From the line that contains "Traditional Tattoo ladies" to the end of the records below, copy every line exactly. Both the first and last of these lines count.

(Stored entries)

..........

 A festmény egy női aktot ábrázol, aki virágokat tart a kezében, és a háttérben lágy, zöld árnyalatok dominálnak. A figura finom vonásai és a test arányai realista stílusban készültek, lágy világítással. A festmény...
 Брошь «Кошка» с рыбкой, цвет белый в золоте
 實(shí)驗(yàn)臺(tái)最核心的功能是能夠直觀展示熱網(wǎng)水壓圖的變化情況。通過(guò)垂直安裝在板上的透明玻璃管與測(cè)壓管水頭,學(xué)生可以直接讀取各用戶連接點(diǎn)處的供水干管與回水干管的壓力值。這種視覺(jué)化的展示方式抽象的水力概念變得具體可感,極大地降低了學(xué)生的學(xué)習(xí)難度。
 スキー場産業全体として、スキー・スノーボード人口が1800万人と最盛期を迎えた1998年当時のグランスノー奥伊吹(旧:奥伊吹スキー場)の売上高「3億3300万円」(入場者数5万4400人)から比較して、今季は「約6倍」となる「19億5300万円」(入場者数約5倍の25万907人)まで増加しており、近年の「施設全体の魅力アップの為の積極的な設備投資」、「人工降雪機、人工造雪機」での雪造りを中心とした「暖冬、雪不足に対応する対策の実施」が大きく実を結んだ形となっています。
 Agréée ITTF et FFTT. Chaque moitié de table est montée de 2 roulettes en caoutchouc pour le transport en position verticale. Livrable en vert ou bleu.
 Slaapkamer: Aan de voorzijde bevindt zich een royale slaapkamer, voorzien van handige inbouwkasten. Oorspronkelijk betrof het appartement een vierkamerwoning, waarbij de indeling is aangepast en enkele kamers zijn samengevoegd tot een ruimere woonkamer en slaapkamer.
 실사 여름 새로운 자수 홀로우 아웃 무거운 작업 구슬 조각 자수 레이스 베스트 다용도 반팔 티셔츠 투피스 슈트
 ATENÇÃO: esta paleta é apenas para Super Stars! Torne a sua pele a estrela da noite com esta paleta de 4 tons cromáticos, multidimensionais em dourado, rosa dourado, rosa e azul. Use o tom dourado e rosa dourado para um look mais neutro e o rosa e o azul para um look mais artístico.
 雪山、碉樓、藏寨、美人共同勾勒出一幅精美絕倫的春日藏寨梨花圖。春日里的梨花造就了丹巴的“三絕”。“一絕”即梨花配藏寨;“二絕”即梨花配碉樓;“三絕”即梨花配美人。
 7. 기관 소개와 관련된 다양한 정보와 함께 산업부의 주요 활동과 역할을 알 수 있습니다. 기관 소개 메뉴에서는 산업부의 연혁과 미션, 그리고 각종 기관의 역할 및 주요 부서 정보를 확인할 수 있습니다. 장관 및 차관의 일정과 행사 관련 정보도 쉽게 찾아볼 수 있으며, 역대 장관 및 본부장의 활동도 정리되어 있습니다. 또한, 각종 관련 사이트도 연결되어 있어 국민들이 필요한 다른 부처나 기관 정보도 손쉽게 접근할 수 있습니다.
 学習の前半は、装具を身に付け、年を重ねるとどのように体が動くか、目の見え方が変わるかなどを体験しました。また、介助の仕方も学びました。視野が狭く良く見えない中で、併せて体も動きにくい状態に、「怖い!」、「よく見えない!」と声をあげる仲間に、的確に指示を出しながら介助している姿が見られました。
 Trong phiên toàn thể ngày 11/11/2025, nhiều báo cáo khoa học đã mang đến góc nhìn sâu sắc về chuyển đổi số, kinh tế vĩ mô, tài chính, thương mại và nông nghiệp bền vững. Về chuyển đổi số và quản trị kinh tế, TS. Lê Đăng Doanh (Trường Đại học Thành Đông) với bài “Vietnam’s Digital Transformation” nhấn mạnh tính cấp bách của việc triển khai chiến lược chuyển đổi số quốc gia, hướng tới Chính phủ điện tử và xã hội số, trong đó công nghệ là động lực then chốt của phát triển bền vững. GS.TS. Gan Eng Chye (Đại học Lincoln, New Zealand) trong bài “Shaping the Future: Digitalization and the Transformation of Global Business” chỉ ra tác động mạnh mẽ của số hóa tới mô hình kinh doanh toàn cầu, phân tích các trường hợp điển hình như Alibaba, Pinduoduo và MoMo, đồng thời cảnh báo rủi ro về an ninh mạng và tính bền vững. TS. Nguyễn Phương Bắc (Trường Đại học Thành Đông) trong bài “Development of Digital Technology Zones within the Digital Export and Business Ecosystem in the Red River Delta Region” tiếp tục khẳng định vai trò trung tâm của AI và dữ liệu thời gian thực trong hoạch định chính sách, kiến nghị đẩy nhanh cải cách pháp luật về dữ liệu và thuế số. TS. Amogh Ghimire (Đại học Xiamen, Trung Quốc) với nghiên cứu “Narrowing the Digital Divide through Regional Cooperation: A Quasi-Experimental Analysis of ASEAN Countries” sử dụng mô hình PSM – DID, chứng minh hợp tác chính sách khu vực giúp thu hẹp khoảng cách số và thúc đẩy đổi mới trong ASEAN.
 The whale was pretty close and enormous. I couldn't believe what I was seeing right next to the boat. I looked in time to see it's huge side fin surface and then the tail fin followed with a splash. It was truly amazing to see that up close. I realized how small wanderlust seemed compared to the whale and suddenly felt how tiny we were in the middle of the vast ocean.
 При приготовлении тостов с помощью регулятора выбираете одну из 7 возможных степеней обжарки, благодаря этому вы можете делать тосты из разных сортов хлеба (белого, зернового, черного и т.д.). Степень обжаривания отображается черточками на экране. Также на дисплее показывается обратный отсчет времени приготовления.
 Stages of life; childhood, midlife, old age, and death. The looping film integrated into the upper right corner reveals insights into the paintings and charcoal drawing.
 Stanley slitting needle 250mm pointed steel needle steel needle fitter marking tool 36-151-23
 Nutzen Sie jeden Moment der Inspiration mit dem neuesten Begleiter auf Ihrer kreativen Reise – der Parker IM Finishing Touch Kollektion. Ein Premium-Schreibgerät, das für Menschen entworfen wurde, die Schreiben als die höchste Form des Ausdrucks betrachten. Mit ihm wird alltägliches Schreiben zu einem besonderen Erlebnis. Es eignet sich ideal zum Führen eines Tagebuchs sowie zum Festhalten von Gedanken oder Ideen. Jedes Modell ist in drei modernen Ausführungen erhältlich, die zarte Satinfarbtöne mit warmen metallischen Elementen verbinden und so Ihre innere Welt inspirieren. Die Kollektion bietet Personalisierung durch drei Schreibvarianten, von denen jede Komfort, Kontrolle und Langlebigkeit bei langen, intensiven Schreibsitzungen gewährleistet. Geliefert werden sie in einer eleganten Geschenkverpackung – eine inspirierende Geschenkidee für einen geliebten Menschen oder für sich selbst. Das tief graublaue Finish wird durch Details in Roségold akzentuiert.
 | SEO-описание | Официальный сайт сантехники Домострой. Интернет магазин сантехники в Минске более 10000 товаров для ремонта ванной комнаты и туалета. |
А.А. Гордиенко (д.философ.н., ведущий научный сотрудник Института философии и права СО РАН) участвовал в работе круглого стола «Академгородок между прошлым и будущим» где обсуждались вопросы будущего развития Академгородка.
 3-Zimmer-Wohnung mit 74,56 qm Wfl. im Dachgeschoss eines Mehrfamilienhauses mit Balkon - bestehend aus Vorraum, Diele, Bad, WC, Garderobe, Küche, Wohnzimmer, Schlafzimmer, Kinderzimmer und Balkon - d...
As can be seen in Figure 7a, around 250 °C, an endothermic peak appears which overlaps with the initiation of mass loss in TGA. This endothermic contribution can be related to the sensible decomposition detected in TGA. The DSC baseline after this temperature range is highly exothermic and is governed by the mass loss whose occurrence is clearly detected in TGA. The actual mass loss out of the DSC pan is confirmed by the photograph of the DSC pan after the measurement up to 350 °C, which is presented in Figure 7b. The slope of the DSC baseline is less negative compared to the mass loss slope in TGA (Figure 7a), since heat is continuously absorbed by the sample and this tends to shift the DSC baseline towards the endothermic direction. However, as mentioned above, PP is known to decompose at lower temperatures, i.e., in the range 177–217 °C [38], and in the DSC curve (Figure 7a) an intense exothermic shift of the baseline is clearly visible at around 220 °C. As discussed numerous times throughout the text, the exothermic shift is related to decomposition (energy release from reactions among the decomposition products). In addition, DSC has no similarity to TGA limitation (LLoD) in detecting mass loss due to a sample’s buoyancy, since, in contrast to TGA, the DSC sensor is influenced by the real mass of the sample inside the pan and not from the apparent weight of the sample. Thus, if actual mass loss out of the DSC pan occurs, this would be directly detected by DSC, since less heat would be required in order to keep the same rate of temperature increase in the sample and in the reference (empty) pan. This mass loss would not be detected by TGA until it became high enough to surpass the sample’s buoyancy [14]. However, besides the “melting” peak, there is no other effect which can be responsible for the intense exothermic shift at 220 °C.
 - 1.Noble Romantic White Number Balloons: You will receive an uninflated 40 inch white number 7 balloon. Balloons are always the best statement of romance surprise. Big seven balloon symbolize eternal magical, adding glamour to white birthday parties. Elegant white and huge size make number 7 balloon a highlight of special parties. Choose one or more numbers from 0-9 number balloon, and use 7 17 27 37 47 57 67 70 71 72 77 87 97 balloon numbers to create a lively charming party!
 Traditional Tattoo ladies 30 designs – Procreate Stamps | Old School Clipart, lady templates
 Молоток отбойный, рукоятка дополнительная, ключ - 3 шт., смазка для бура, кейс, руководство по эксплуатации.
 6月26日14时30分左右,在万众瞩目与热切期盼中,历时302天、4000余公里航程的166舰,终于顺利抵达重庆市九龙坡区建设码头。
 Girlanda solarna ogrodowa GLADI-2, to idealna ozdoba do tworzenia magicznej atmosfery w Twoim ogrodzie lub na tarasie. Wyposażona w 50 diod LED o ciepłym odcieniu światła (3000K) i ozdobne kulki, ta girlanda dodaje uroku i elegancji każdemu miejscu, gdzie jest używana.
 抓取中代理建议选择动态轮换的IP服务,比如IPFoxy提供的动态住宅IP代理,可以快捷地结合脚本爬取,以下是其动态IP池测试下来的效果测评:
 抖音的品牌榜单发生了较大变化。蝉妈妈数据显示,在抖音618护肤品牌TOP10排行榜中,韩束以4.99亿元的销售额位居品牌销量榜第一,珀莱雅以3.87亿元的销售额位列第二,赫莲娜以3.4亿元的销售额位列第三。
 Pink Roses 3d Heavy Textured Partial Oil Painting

..........

### Expected answer
 Traditional Tattoo ladies 30 designs – Procreate Stamps | Old School Clipart, lady templates
 Молоток отбойный, рукоятка дополнительная, ключ - 3 шт., смазка для бура, кейс, руководство по эксплуатации.
 6月26日14时30分左右,在万众瞩目与热切期盼中,历时302天、4000余公里航程的166舰,终于顺利抵达重庆市九龙坡区建设码头。
 Girlanda solarna ogrodowa GLADI-2, to idealna ozdoba do tworzenia magicznej atmosfery w Twoim ogrodzie lub na tarasie. Wyposażona w 50 diod LED o ciepłym odcieniu światła (3000K) i ozdobne kulki, ta girlanda dodaje uroku i elegancji każdemu miejscu, gdzie jest używana.
 抓取中代理建议选择动态轮换的IP服务,比如IPFoxy提供的动态住宅IP代理,可以快捷地结合脚本爬取,以下是其动态IP池测试下来的效果测评:
 抖音的品牌榜单发生了较大变化。蝉妈妈数据显示,在抖音618护肤品牌TOP10排行榜中,韩束以4.99亿元的销售额位居品牌销量榜第一,珀莱雅以3.87亿元的销售额位列第二,赫莲娜以3.4亿元的销售额位列第三。
 Pink Roses 3d Heavy Textured Partial Oil Painting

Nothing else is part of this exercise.